PETE SINGER, Editor-in-Chief
The exploding use of Artificial Intelligence (AI) is ushering in a new era for semiconductor devices that will bring many new opportunities but also many challenges. Speaking at the AI Design Forum hosted by Applied Materials and SEMI during SEMICON West in July, Dr. John E. Kelly, III, Senior Vice President, Cognitive Solutions and IBM Research, talked about how AI will dramatically change the world. “This is an era of computing which is at a scale that will dwarf the previous era, in ways that will change all of our businesses and all of our industries, and all of our lives,” he said. “This is the era that’s going to power our semiconductor industry forward.
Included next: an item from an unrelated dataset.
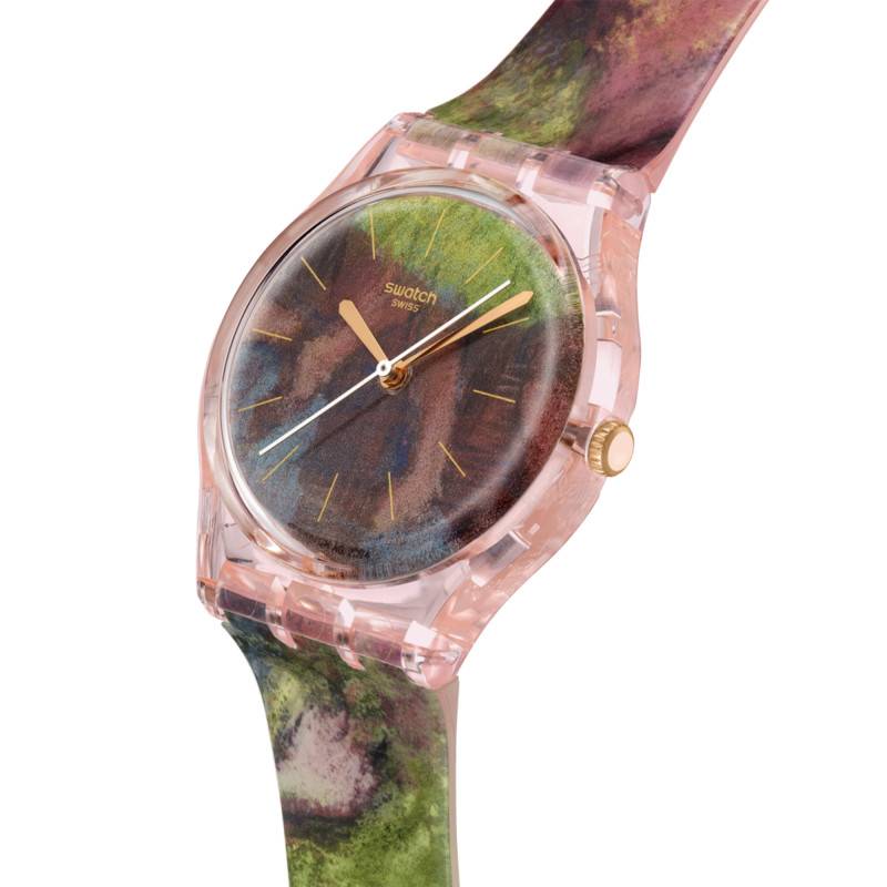 Le cadran de la Swatch Pollock's Alchemy est une véritable œuvre d'art avec sa finition peinte qui pourrait rappeler les coups de pinceau d'Edgar Degas avec son tableau Danseuses vertes et jaunes (1903). Il est doté de trois aiguilles centrales élégantes qui désignent avec précision les heures, minutes, et secondes. Aucune numérotation n'encombre cette surface précieuse, permettant à l'observateur d'admirer pleinement l'œuvre.

The number of opportunities is enormous.”
Also speaking at the event, Gary Dickerson, CEO of Applied Materials, said AI “needs innovation in the edge and in the cloud, in generating data on the edge, storing the data, and processing that data to unlock the value. At the same time Moore’s Law is slowing.” This creates the “perfect opportunity,” he said.
Ajit Manocha, President and CEO of SEMI, calls it a “rebirth” of the semiconductor industry. “Artificial Intelligence is changing everything – and bringing semiconductors back into the deserved spotlight,” he notes in a recent article. “AI’s potential market of hundreds of zettabytes and trillions of dollars relies on new semiconductor architectures and compute platforms. Making these AI semiconductor engines will require a wildly innovative range of new materials, equipment, and design methodologies.”
”Hardware is becoming sexy again,” said Dickerson. “In the last 18 months there’s been more money going into chip start ups than the previous 18 years.” In addition to AI chips from traditional IC companies such as Intel and Qualcomm, more than 45 start-ups are working to develop new AI chips, with VC investments of more than $1.5B — at least five of them have raised more than $100 million from investors. Tech giants such as Google, Facebook, Microsoft, Amazon, Baidu and Alibaba are also developing AI chips.
Dickerson said having the winning AI chip 12 months ahead of anyone else could be a $100 billion opportunity. “What we’re driving inside of Applied Materials is speed and time to market. What is one month worth? What is one minute worth?”
IBM’s Kelly said there’s $2 trillion of decision support opportunity for artificial intelligence on top of the existing $1.5-2 billion information technology industry. “Literally every industry in the world is going to be impacted and transformed by this,” he said.
AI needed to analyze unstructured data
Speaking at an Applied Materials event late last year during the International Electron Devices Meeting, Dr. Jeff Welser, Vice President and Director of IBM Research’s – Almaden lab, said the explosion in AI is being driven by the need to process vast amounts of unstructured data, noting that in just two days, we now generate as much data as was generated in total through 2003. “Somewhere around 2020, the estimate is maybe 50 zettabytes of data being produced. That’s 21 zeros,” he said.
Welser noted that 80% of all data is unstructured and growing 15 times the rate of structured data. “If you look at the growth, it’s really in a whole different type of data. Voice data, social media data, which includes a lot of images, videos, audio and text, but very unstructured text,” he said. And then there’s data from IoT-connected sensors.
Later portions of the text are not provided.